*The problem*: Please return the listing exactly as it stands, skipping any pictures.

*Stored data*:
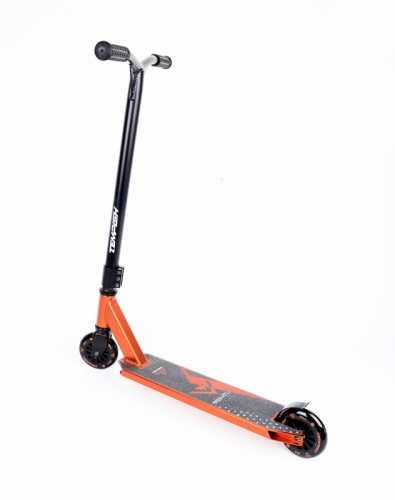 Koloběžka VENTUS 110 je určená k freestylu, je osazena kolečky o průměru 110 mm, tvrdost 85A. Hlavové složení: závitové. Kompresní systém: závitový + 3 šroubová objímka. Na vyztužených řídítkách z kvalitní slitiny hliníku o rozměru 580 x 500 mm (22,8” x 19,7”) se nachází 120 mm gripy z TPR. Deska je dvou profilová. Vidlice je ocelová.
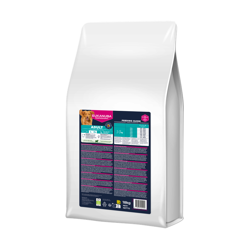 Dit EUKANUBA droogvoer is speciaal samengesteld voor grote volwassen honden van 18 maanden tot 6 jaar (2 tot 5 jaar voor zeer grote honden). Het is rijk aan lamsvlees en rijst, en bevat zorgvuldig geselecteerde ingrediënten om op maat gemaakte voeding te bieden voor een optimaal welzijn van uw hond. Het voer is zelfs geschikt voor honden met een gevoelige maag, omdat de rijst licht verteerbaar is. De kip biedt een extra bron van eiwitten, naast het lamsvlees, wat helpt bij het creëren van sterke, soepele spieren. De toevoeging van L-carnitine helpt bij het vetmetabolisme, waardoor uw hond een optimaal gewicht behoudt en zijn gewrichten minder belast worden. Een aangepaste vezelmix met prebiotische FOS en bietenpulp zorgt voor een gezonde spijsvertering, zodat uw hond actief, gezond en gelukkig blijft.
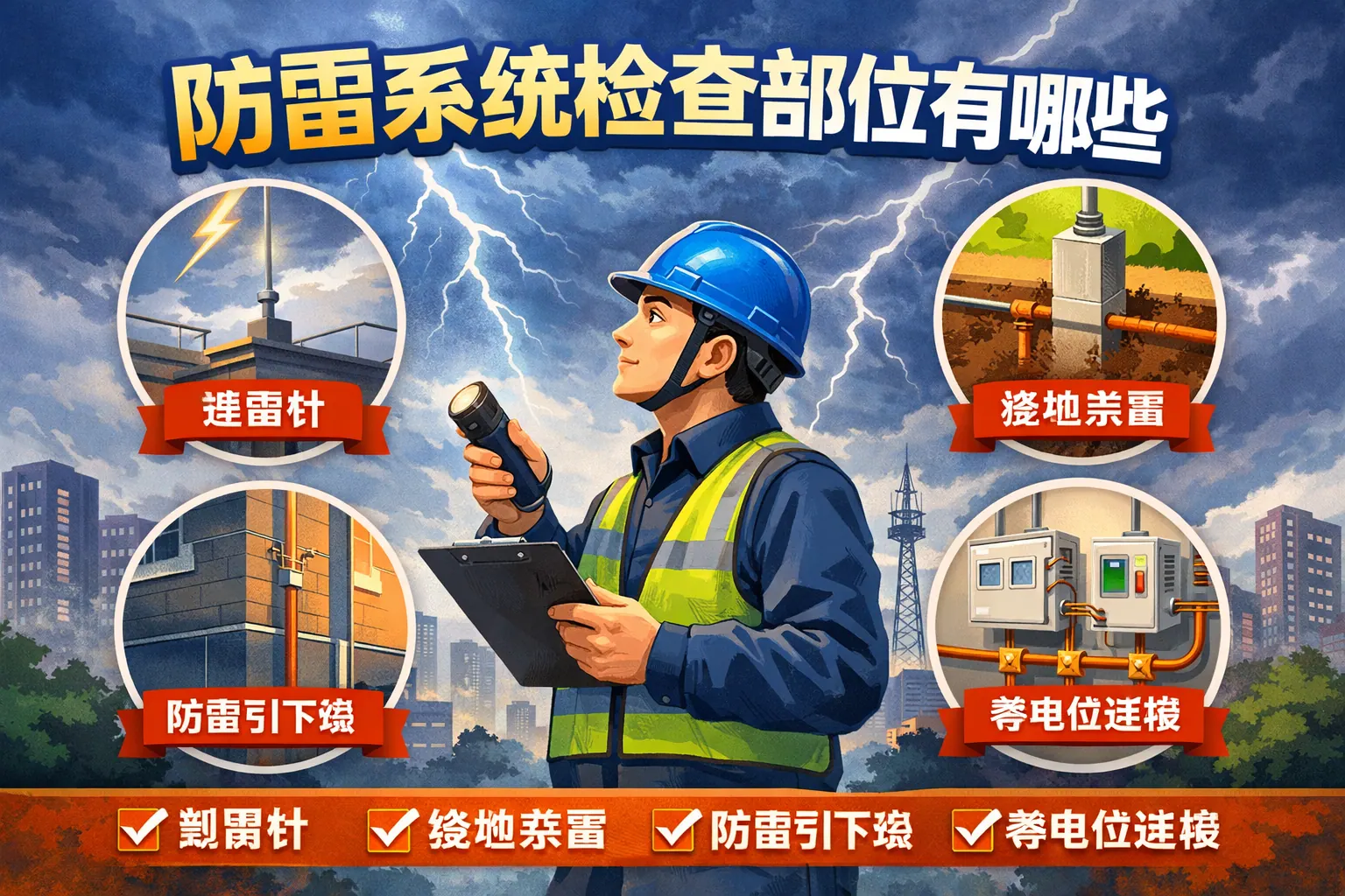 防雷系统检查主要包括接闪器、引下线、接地装置、等电位连接、浪涌保护器、屏蔽布线以及检测记录等关键部位,其中接地电阻和等电位连接是判断系统有效性的核心指标。通过结合国家规范与国际标准,建立系统化检查流程与数字化管理机制,可以确保防雷系统长期稳定运行并降低雷击风险。未来防雷检查将向智能监测与精细化维护方向发展。

*Written solution*:
 Koloběžka VENTUS 110 je určená k freestylu, je osazena kolečky o průměru 110 mm, tvrdost 85A. Hlavové složení: závitové. Kompresní systém: závitový + 3 šroubová objímka. Na vyztužených řídítkách z kvalitní slitiny hliníku o rozměru 580 x 500 mm (22,8” x 19,7”) se nachází 120 mm gripy z TPR. Deska je dvou profilová. Vidlice je ocelová.
 Dit EUKANUBA droogvoer is speciaal samengesteld voor grote volwassen honden van 18 maanden tot 6 jaar (2 tot 5 jaar voor zeer grote honden). Het is rijk aan lamsvlees en rijst, en bevat zorgvuldig geselecteerde ingrediënten om op maat gemaakte voeding te bieden voor een optimaal welzijn van uw hond. Het voer is zelfs geschikt voor honden met een gevoelige maag, omdat de rijst licht verteerbaar is. De kip biedt een extra bron van eiwitten, naast het lamsvlees, wat helpt bij het creëren van sterke, soepele spieren. De toevoeging van L-carnitine helpt bij het vetmetabolisme, waardoor uw hond een optimaal gewicht behoudt en zijn gewrichten minder belast worden. Een aangepaste vezelmix met prebiotische FOS en bietenpulp zorgt voor een gezonde spijsvertering, zodat uw hond actief, gezond en gelukkig blijft.
 防雷系统检查主要包括接闪器、引下线、接地装置、等电位连接、浪涌保护器、屏蔽布线以及检测记录等关键部位,其中接地电阻和等电位连接是判断系统有效性的核心指标。通过结合国家规范与国际标准,建立系统化检查流程与数字化管理机制,可以确保防雷系统长期稳定运行并降低雷击风险。未来防雷检查将向智能监测与精细化维护方向发展。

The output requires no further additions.